I honestly thought I’d be able to manage two blogs: WordPress, which I’ve had for years, and my newer space on Substack. I wanted my writing to remain accessible for those who prefer WordPress. Not that I’ve been a particularly regular post-er here, but I know some of you have been following me for quite some time.

One big thing that happened is that I wrote a book! It swallowed up the last year and a half, but I’m super proud of it. Here’s the Amazon link. It’s also available on Amazon in several other countries, Barnes & Noble, Bookshop and many more online sellers.
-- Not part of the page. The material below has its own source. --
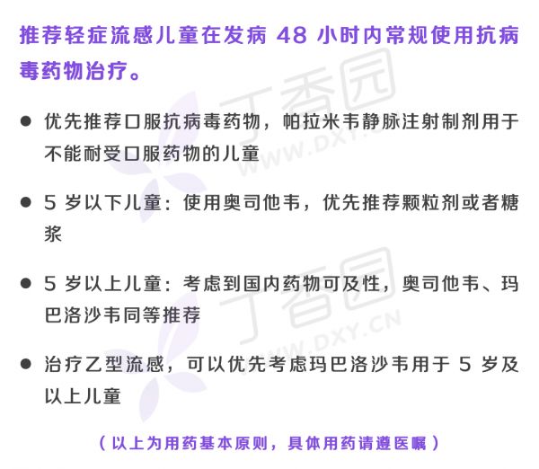 其中,儿童因为聚集性感染风险更高,一直是流感防诊治的重点群体。流感儿童在发病 48 小时内接受抗流感病毒药物治疗可以缩短发热和排毒时间,减少并发症和重症发生,可能减少继发传播。

With all the activity, I’ve realized that I can’t manage both blogs. So I made the difficult choice to let WordPress go completely fallow, except for when I mine old blogs to repost. My posts on Substack will always be free–I don’t plan on adding a subscription cost because I’m not writing for a living. I write to let the words out.

If you choose to follow me there, my blog is called It’s About Time and here’s the link. It’s free to set up an account and many interesting writers and photographers hang out there.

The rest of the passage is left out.